# What the task requires:
With the pictures omitted, print exactly the lines below, from the one containing "Create a 2/2" through the one containing "Bespoke Fucsia Pink", and nothing else.
══ Supplied material ══
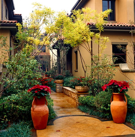 意式鄉(xiāng)村風(fēng)格以自然質(zhì)感的磚石為主,但鋪裝材料多切割成規(guī)則的形狀,適當(dāng)?shù)厥褂貌噬纱u。木質(zhì)結(jié)構(gòu)的廊架等構(gòu)筑物,色彩上要兼顧到周邊建筑和整體庭院風(fēng)格,但是不建議用原色。這種風(fēng)格使用的裝飾物有:鐵藝桌椅、赤陶花器、石雕花器和獸頭水口,陶質(zhì)的花器的使用,除了赤陶本色,還可以使用赤陶刷涂白色和彩色的盆器,多使用盆器能靈活增加種植組合。植物以自然式種植為主,周邊除了密林外,大量的常綠植物如檜柏也是常用的。植物自然生長(zhǎng),不加修剪,體現(xiàn)自然植物的錯(cuò)落感。
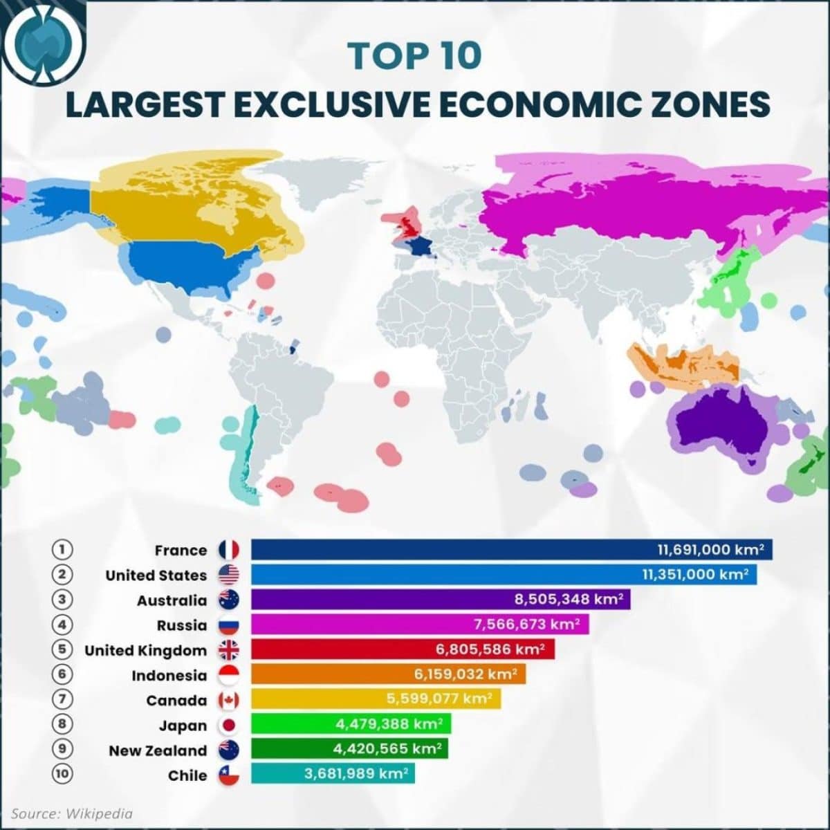 Самой большой исключительной экономической зоной обладает Франция, в первую очередь благодаря своим заморским территориям. Ее площадь составляет 11,691 миллиона квадратных километров.
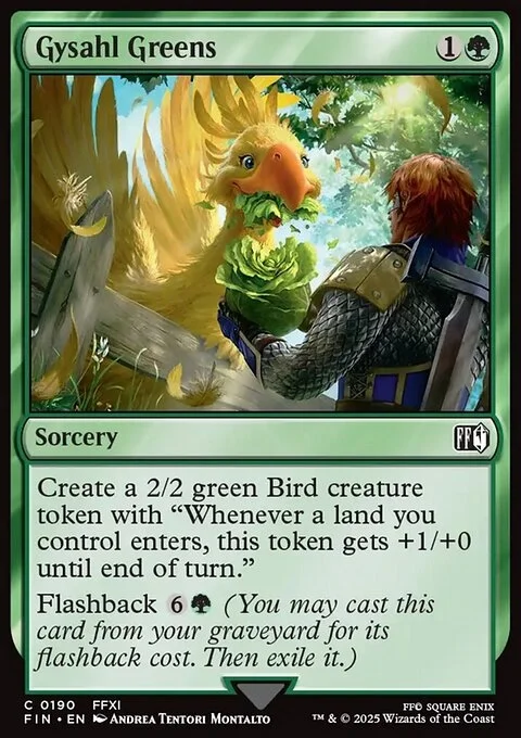 Create a 2/2 green Bird creature token with "Whenever a land you control enters, this token gets +1/+0 until end of turn." Flashback {6}{G} (You may cast this card from your graveyard for its flashback cost. Then exile it.)
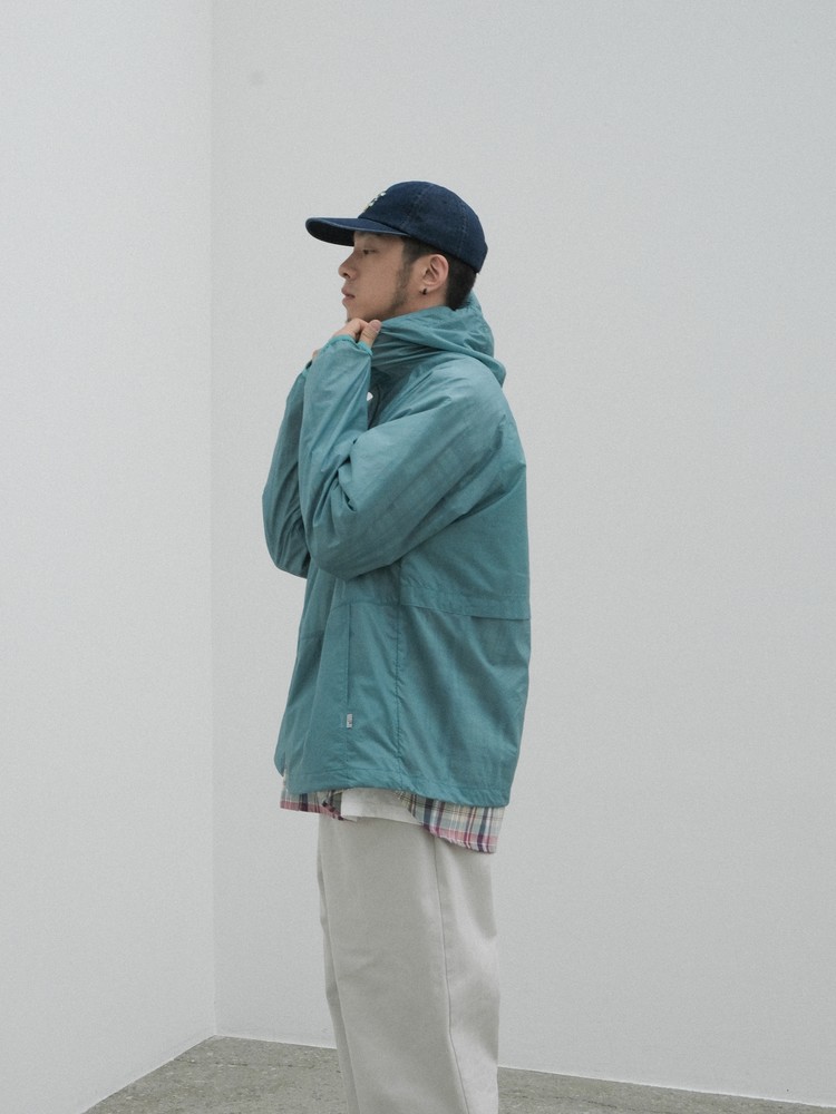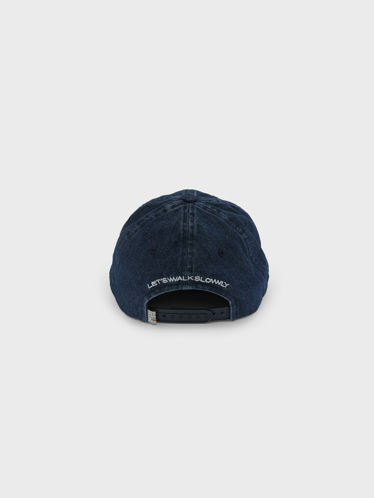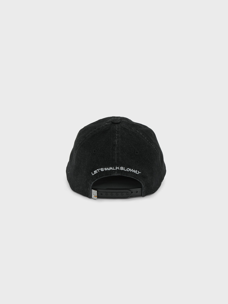 On the back panel, you'll find the embroidered slogan "let's walk slowly" and a label detail placed to the left of the snap.
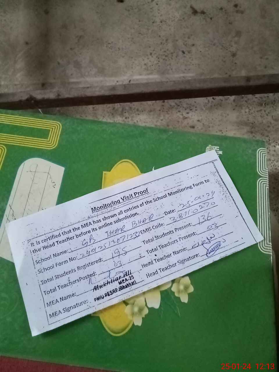 | EMIS Code: 38110270 | Name of School: GPS JHAR BHAR | |||
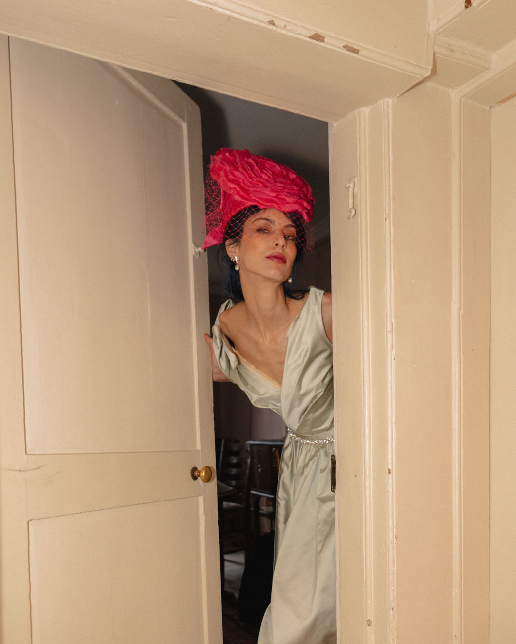 Bespoke Fucsia Pink Rose millinery with veiling detail.
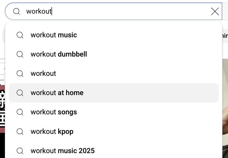 当你输入一个词时,YouTube 会根据真实用户的搜索行为给出推荐。
═══
# Final answer:
 Create a 2/2 green Bird creature token with "Whenever a land you control enters, this token gets +1/+0 until end of turn." Flashback {6}{G} (You may cast this card from your graveyard for its flashback cost. Then exile it.)
 On the back panel, you'll find the embroidered slogan "let's walk slowly" and a label detail placed to the left of the snap.
 | EMIS Code: 38110270 | Name of School: GPS JHAR BHAR | |||
 Bespoke Fucsia Pink Rose millinery with veiling detail.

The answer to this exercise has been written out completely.